Trust and Probate Litigation partner Emma Holland and Divorce and Family senior associate Jenny Duggan spoke at a conference on gender and inclusivity in international families organised by the International Association of Young Lawyers (AIJA) on 23 June 2022. Emma and Jenny co-moderated a panel discussing ‘The End of The Rainbow – Disputes within LGBTQ+ Families’. Members of the panel included lawyers from Brazil, Switzerland, France and Spain.

The panel recognised that many of the issues they wanted to discuss had arisen because the law has not kept pace with the evolution of the concept of the modern family, which has caused particular issues for the LGBTQ+ community. This is not helped by outmoded terminology that fails to take into account evolving societal attitudes and developments in reproduction technology.
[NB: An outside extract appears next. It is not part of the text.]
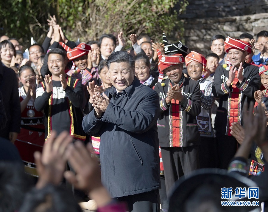 2020年1月19日,習(xí)近平在云南省騰沖市清水鄉(xiāng)三家村中寨司莫拉佤族村看望鄉(xiāng)親們,并向大家送上新春祝福。新華社記者 燕雁 攝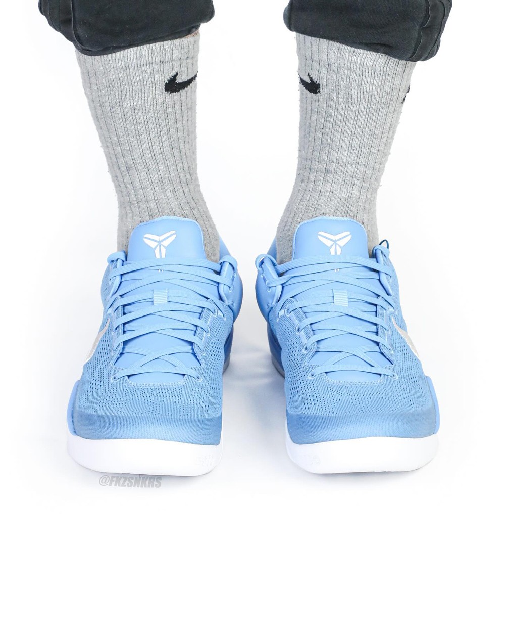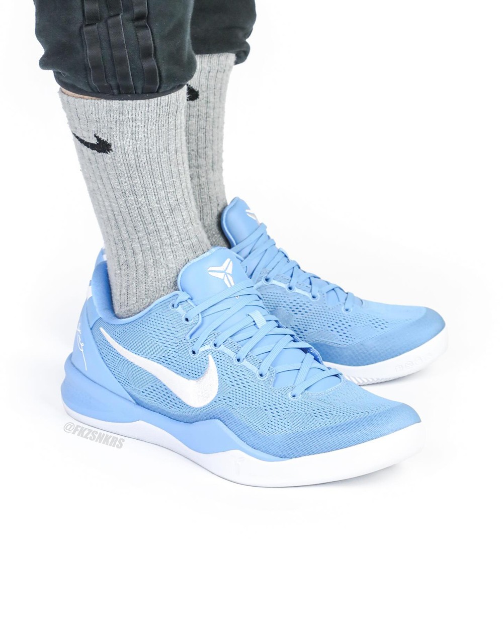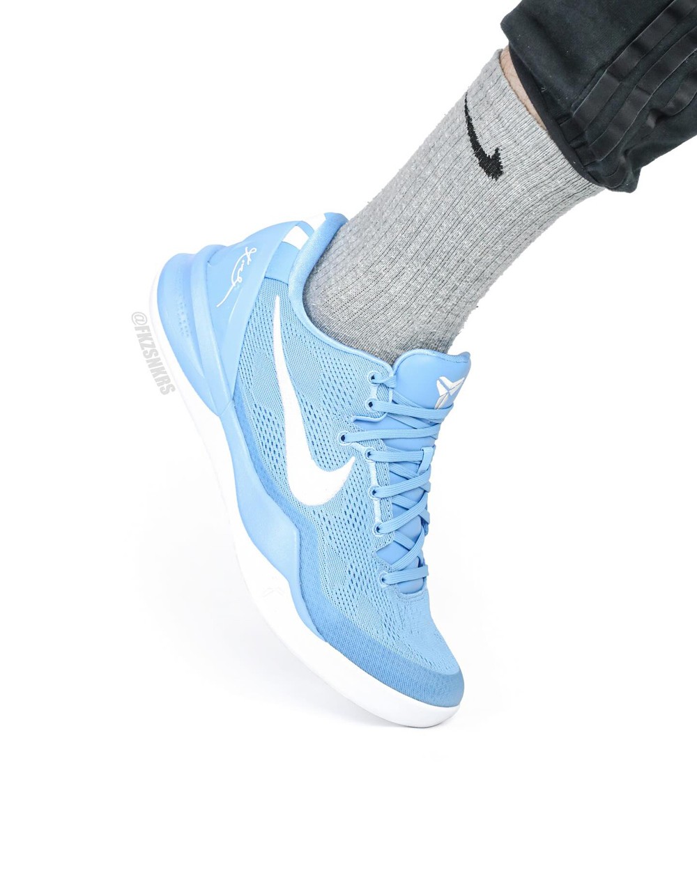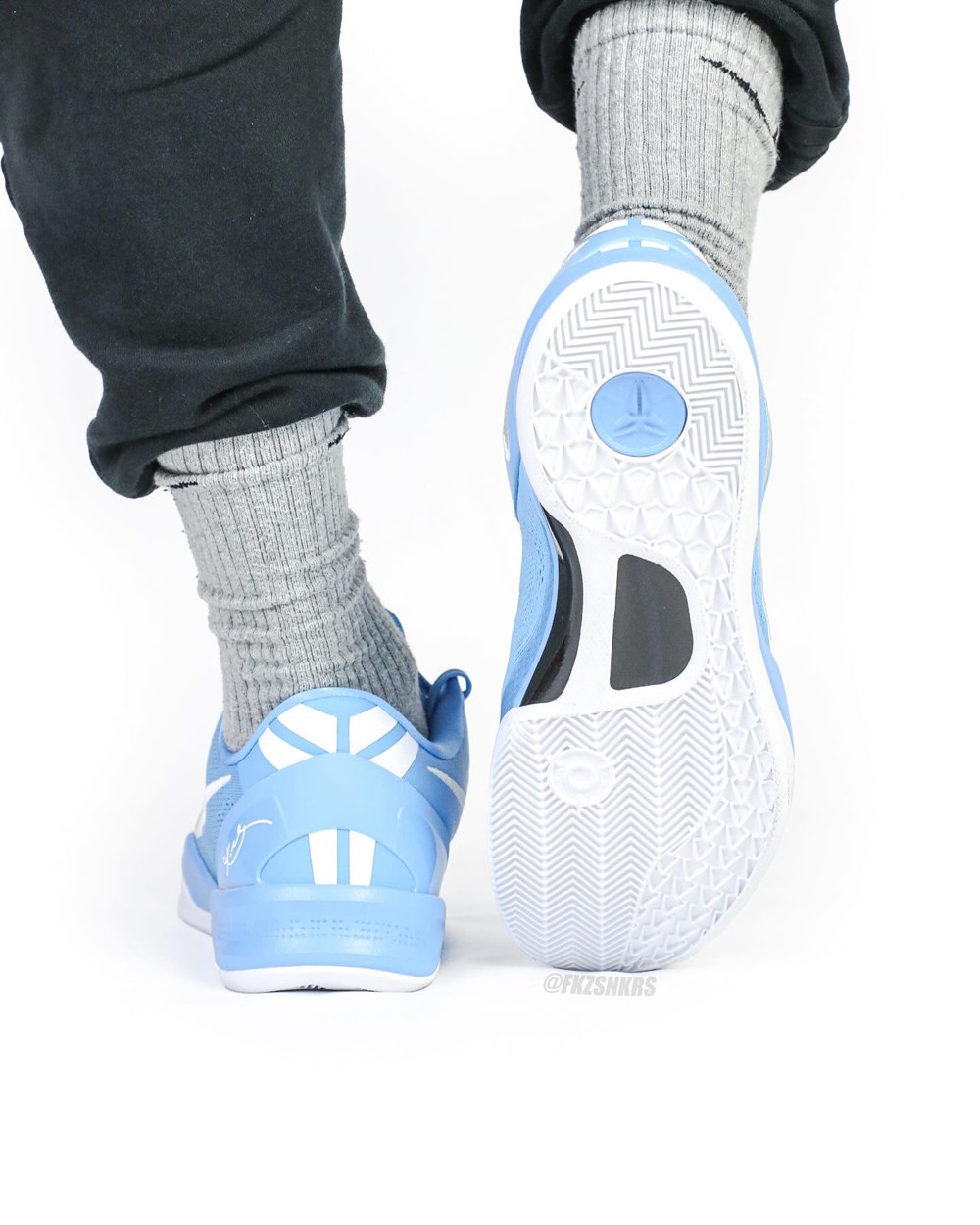 不得不说,北卡蓝还是有着让人难以抗拒的吸引力,结合后跟白色 Kobe Logo 与同样白色的外底衬托,清爽视觉无疑更契合球场和日常春夏上脚。

The topics covered included:

 

Marriage, divorce and cohabitation of same-sex couples

The panel reflected on the status of same-sex spouses and civil partners in their respective jurisdictions and the protections afforded to cohabiting same-sex couples. It was observed that cohabitees tend to have far less default protection, although, in Spain and France, there was some legal acknowledgement of their status. There was a discussion about the developments in the pipeline for changes in the status quo for same-sex couples, particularly in Switzerland, which has introduced marriage for all as of 1 July 2022.

 

Disputes arising from wealth planning steps for LGBTQ+ families

The panel considered how the traditional wording used in wills and trusts fails to accommodate LGBTQ+ families. It was interesting to observe that none of the jurisdictions considered appears to have statutory definitions of family. It seems common law jurisdictions look at the intestacy rules, while civil law jurisdictions are often guided by the forced heirship provisions. The panel explored whether the courts in their respective jurisdictions would assist if the wording is not fit for purpose, for example, if there is a lack of clarity as to whether same-sex spouses or non-biological children are included. It then moved on to consider the non-court solutions that are available. The perspectives of the different jurisdictions were wide-ranging, particular as some did not recognise trusts.

 

Cross-border issues concerning children

The discussion explored the legal recognition of parents within the LGBTQ+ community, particularly when there is an international relocation. It then touched upon issues arising from surrogacy arrangements, particularly on the parents’ separation. The panel shared observations on the fall in international adoptions before the session, but time did not allow it to be discussed on the day.

All the jurisdictions represented had made progress in recognising the rights and needs of the LGBTQ+ community. However, the panellists agreed that more could be done to improve the situation and address how the concept of the modern family continues to evolve.